The caterpillars started to regain ground in 1989, with moderate outbreaks occurring periodically before the current dramatic surge. To understand what might have brought the comeback of this scourge, Groden, the University of Maine entomologist, and her colleagues compared the rate of tree damage caused by the browntail-moth caterpillar to environmental factors, including summer temperatures, spring temperatures, and spring rainfall. They found that warming temperatures might be impacting the outbreak in two ways. The first involves a fungus known as Entomophaga aulicae. Because the caterpillar is not native to the United States, it has few natural adversaries, but E.aulicae is one of them. Once it takes hold, it can wipe out entire caterpillar colonies. But the fungus needs cool, wet springs to thrive. And Maine, which is located in the fastest-warming region in the lower 48 states, has experienced warm springs in the past few years.
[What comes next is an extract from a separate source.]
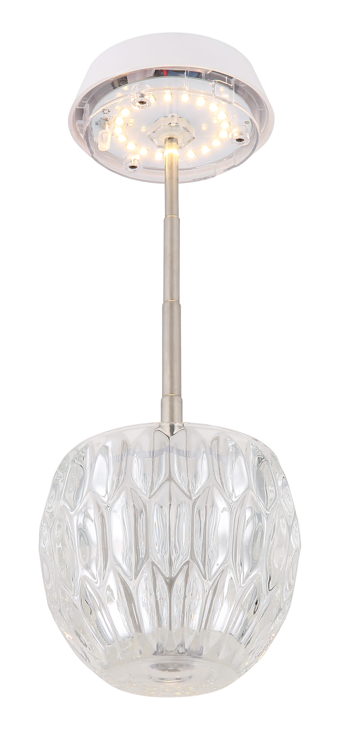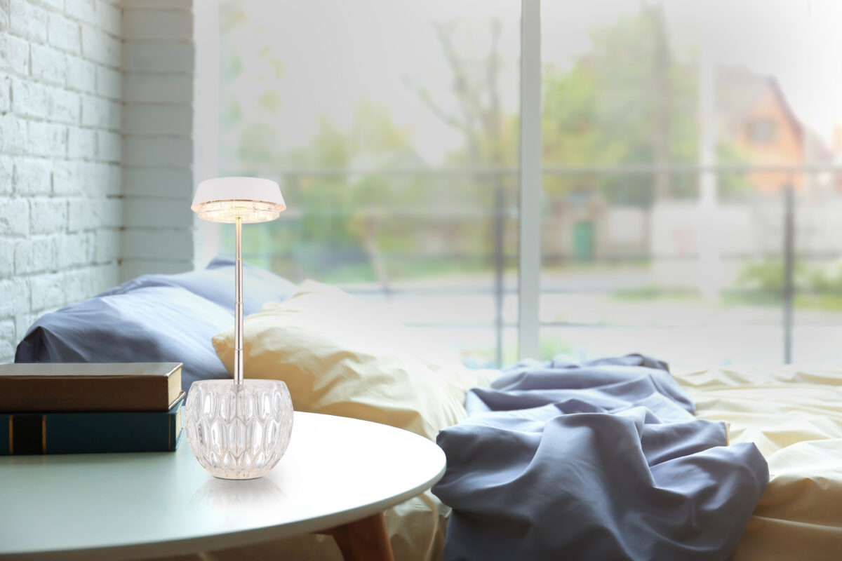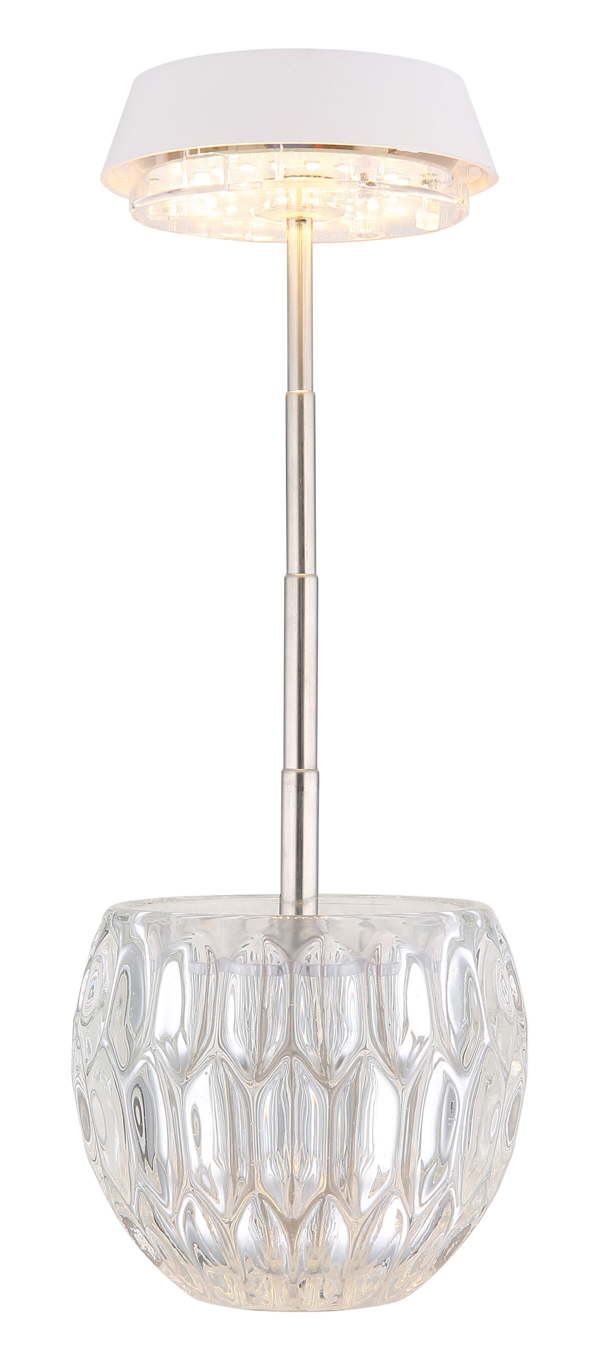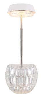 WANDA stolna lampa kombinuje bezvremenski dizajn sa praktičnom funkcionalnošću. Njegovo okruglo kućište od prozirnog stakla sa postoljem od nerđajućeg čelika sa kristalnim efektom daje mu elegantan dodir. Sjenilo je izrađeno od mat bijele plastike, dopunjeno prozirnom plastikom za ravnomjernu distribuciju svjetlosti. Integrirani dimer na dodir omogućava kontinuirano podešavanje svjetline od 55 lumena na ugodnoj temperaturi boje od 3000 K. Teleskop je posebno praktičan, pomoću kojeg se visina lampe može individualno podesiti. WANDA stona lampa dolazi u kompletu sa adapterom i USB kablom za punjenje. Vrijeme punjenja je oko 4 sata, tokom kojih se lampa može koristiti i u radu. Nakon potpunog punjenja, nudi vrijeme gorenja od približno 6 sati. Ova stolna lampa je idealna za moderne dnevne prostore i stvara ugodnu atmosferu svojim toplim svjetlom i atraktivnim dizajnom.

“Last year, we had a warm, dry spring. And this year, we’ve had a warm, dry spring,” Kanoti, the state entomologist, told me.

At the same time, the researchers found that fall temperatures were a greater predictor of the caterpillar’s population, because in warmer years, more of the insects survive. And because of climate change, fall temperatures are rising.

Caterpillar populations “seem to be able to bounce back much, much faster than they would have in the past,” Groden said. “The favorable fall temperatures are having a positive trajectory. And that trajectory gets knocked back when we have a good year for the fungus. But they’re able to bounce back.”

This doesn’t mean that the caterpillar’s future is locked in. Because the caterpillars were contained for so long, figuring out how to deal with them, through, say, targeted pesticides, wasn’t a priority. Now it is. The state is also calling on residents to keep an eye on trees in the winter for nests—so they can be destroyed before the caterpillars emerge, when it is more effective.

But the browntail-moth caterpillar is not the only insect Mainers should be on the lookout for. Because of climate change, southern pine beetles, which are native to the southeastern U.S. and among the most destructive of the pine-bark beetles, have moved northward. Already they have infested trees in New York, Rhode Island, and Connecticut. According to Mech, the climate projections have them on pace to reach Maine any day now.